■ **SUPPLIED DATA**
========================
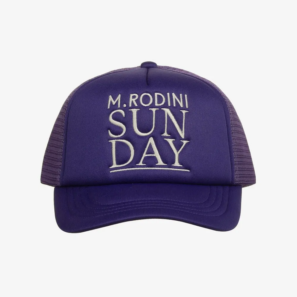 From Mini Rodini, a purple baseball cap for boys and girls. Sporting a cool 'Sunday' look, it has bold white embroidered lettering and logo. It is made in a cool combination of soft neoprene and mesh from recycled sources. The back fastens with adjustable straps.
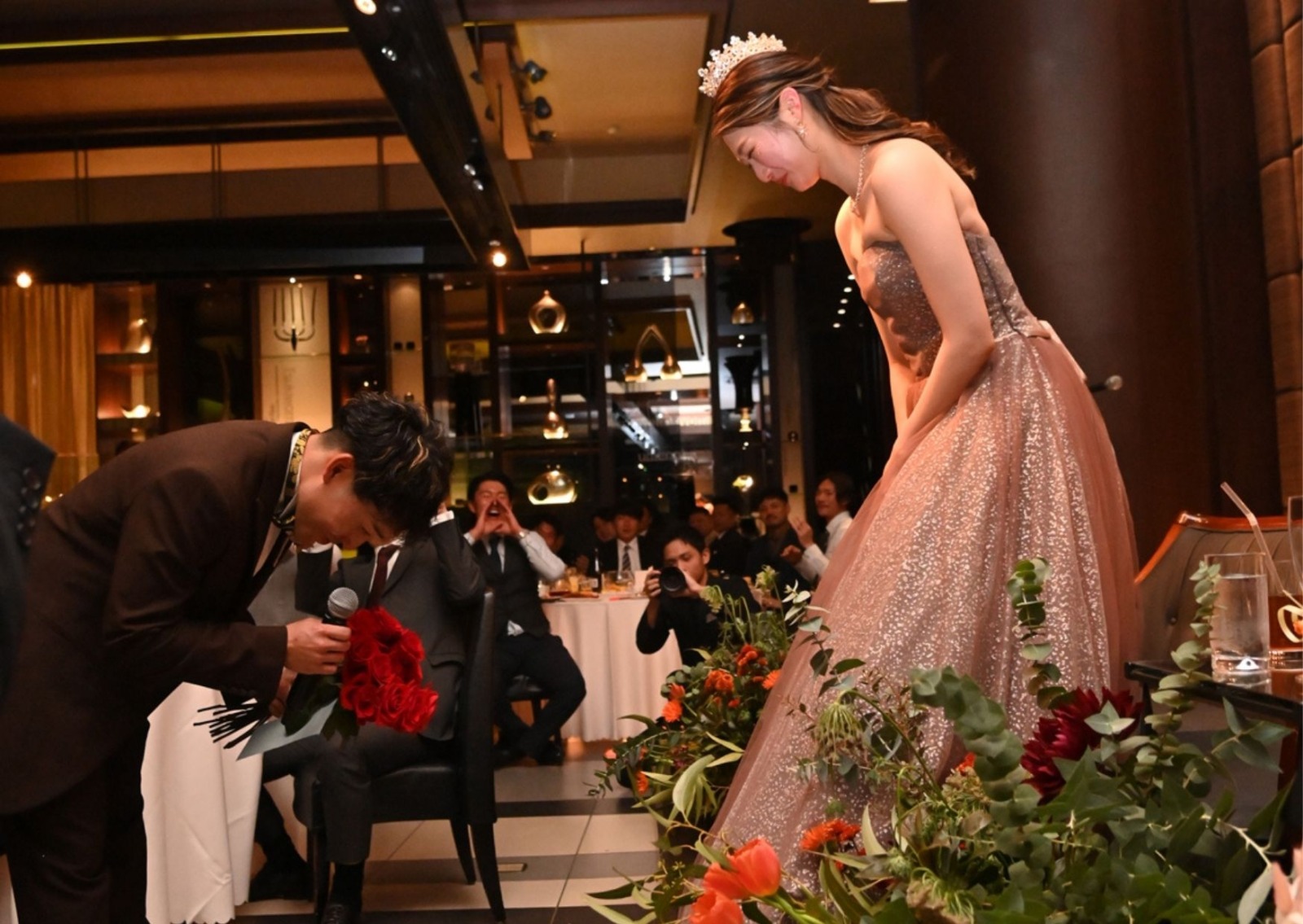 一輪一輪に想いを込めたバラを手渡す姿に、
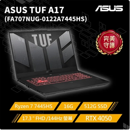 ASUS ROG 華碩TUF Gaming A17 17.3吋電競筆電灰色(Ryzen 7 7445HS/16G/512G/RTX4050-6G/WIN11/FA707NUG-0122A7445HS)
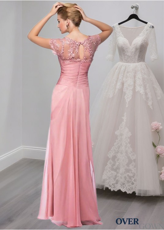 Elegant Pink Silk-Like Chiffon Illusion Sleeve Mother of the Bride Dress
========================
■ **ACTION ITEM**
Return the whole listing word for word. Pictures stay out of it.

■ **COMPLETED TASK**
 From Mini Rodini, a purple baseball cap for boys and girls. Sporting a cool 'Sunday' look, it has bold white embroidered lettering and logo. It is made in a cool combination of soft neoprene and mesh from recycled sources. The back fastens with adjustable straps.
 一輪一輪に想いを込めたバラを手渡す姿に、
 ASUS ROG 華碩TUF Gaming A17 17.3吋電競筆電灰色(Ryzen 7 7445HS/16G/512G/RTX4050-6G/WIN11/FA707NUG-0122A7445HS)
 Elegant Pink Silk-Like Chiffon Illusion Sleeve Mother of the Bride Dress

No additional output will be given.